In present study, an overexpression vector and siRNAs were used to understand the effects of PIAsxα on U2-OS osteosarcoma cells. In addition, the progression of the U2-OS cell line was confirmed using flow cytometry. The expression levels of CDKs and cyclin D were detected following transfection to induce overexpression or with siRNAs, and treatment to rescue the effects of overexpression and siRNA transfection, in U2-OS cells. The results of these investigations may elucidate the effects of PIAsxα and its mechanism on the progression of osteosarcoma.

Materials and methods

Patients

Tissue samples from patients with osteosarcoma were collected from the Second Hospital of Xiangya, Central South University (Changsha, China). The experiments were performed, according to guidelines and following approval by Xiangya School of Medicine Research Ethics Committee, Central South University. Written informed consent was obtained from the patients, according to the Declaration of Helsinki (24). The clinical parameters of the patients, including age, gender and histological examination of the state of invasiveness were also collected. The osteosarcoma and adjacent tissues samples were obtained from 25 patients diagnosed with TNM stage III osteosarcoma. These patients had not undergone radical prostatectomy or any previous treatment.

Cell line and culture

The U2-OS osteosarcoma cell line was provided by the Department of Orthopedic Surgery, Xiangya Hospital of Central South University. The cells were seeded into 24-well plates at a density of 1×106 cells per well. The cells were cultured in Dulbecco's modified Eagle's medium (DMEM; Sigma-Aldrich, St. Louis, MO, USA) with 10% bovine serum (Sigma-Aldrich) in a 37°C humidified incubator. The concentration of CO2 in the humidified incubator was 5%. Cell viability was confirmed using trypan blue staining, and visualized using a Nikon Eclipse E400 microscope (Nikon, Tokyo, Japan).

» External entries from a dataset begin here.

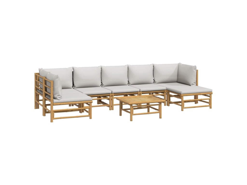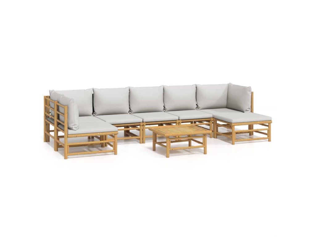 8dílná zahradní sedací souprava světle šedé podušky bambus 3155110
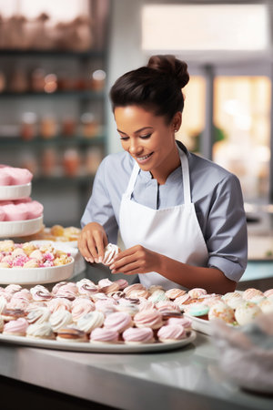 Pastry chef mixed race woman preparing and decorating cakes. Women cooking concept. Close-up. AI generative.
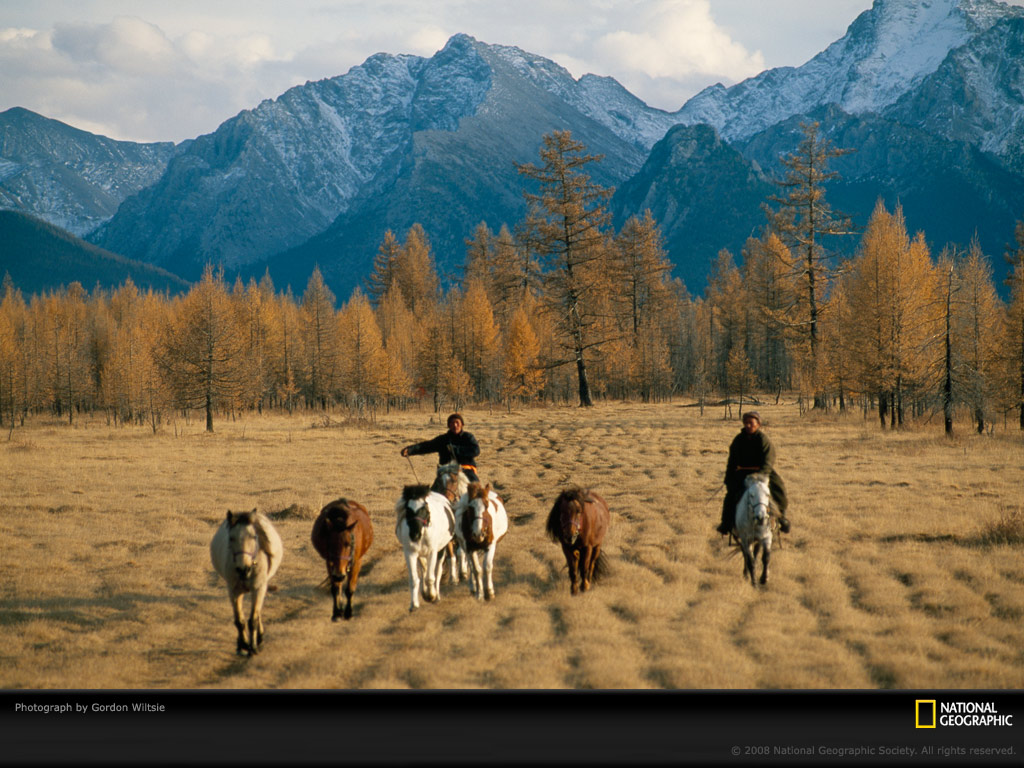 两个蒙古牧马人正驱赶着他们的马匹,他们背后的山峦高达3000米,这些牧马人在越冬之后,从山的那一边将牧群重新带回达哈德山谷。蒙古牧民们世代都是这样带队翻越山峦过冬。不过蒙古政府计划让牧民们过上的城市生活,因此这种每年两次的艰苦跋可能很快就再也看不到了。
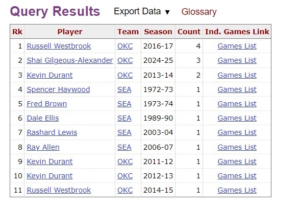 根據數據統計,這是亞歷山大本賽季第4次砍下50+,他追平威少,并列雷霆隊史單賽季50+場(chǎng)次榜榜首。
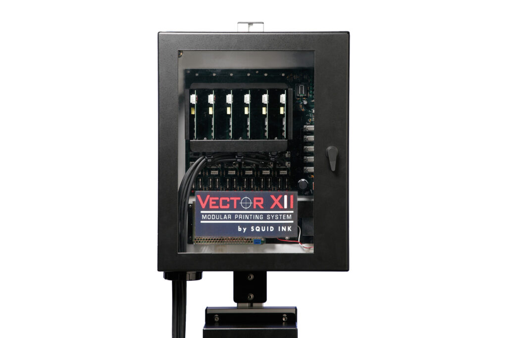 Vector XII ink delivery system allows printing with water-based or solvent-based ink.

Transfection of PIAsxα vectors

To analysis the effect of PIAsxα on osteosarcoma cell progression, a PIAsxα overexpression vector was constructed. The overexpression vector was constructed using a pcDNA3.1(t) plasmid (Invitrogen; Thermo Fisher Scientific, Inc., Waltham, MA, USA). The full-length coding sequence of PIAsxα was obtained from GenBank (www.ncbi.nlm.nih.gov/genbank/), and the following primers were designed to obtain the coding sequence with XbaI and HindIII sites: Forward 5′-TTGTCTAGAATGGCGGATTTCGAAGAGTT-3′ and reverse 5′-AAGCTTTCACTGTTGCACAGTATCAGA-3′. The fragments were cloned using a cDNA library from adjacent tissues. A T100™ thermal cycler was used (Bio-Rad Laboratories, Inc., Richmond, CA, USA). The PCR reaction comprised 30 cycles of 94°C for 30 sec, 52°C for 30 sec and 72°C for 3 min. Subsequently, the PCR product was digested with XbaI and HindIII (Shanghai Sangon Biotech Co., Ltd., Shanghai, China). The digested PCR fragments were inserted into the pcDNA3.1(t) plasmid (Invitrogen; Thermo Fisher Scientific, Inc.) using T4 DNA Ligase (Shanghai Sangon Biotech Co., Ltd.). Subsequently, the vector was transfected into the U2-OS cells using Lipofectamine™ 2000 (Invitrogen; Thermo Fisher Scientific, Inc.).

Small interfering (si)RNAs of PIAsxα and the GAPDH control were constructed using a Silencer siRNA Construction kit (Ambion; Thermo Fisher Scientific, Inc.), according to a previous report (21). The siRNA sequence was 5′-GUGGAAGGCAACGAGUGGAUU-3, which was synthesize by Shanghai Sangon Biotech Co., Ltd. The target sequence was 5′-AAT CCA CTC GTT GCC TTC CAC-3′. The transfection protocol was performed, as described previously.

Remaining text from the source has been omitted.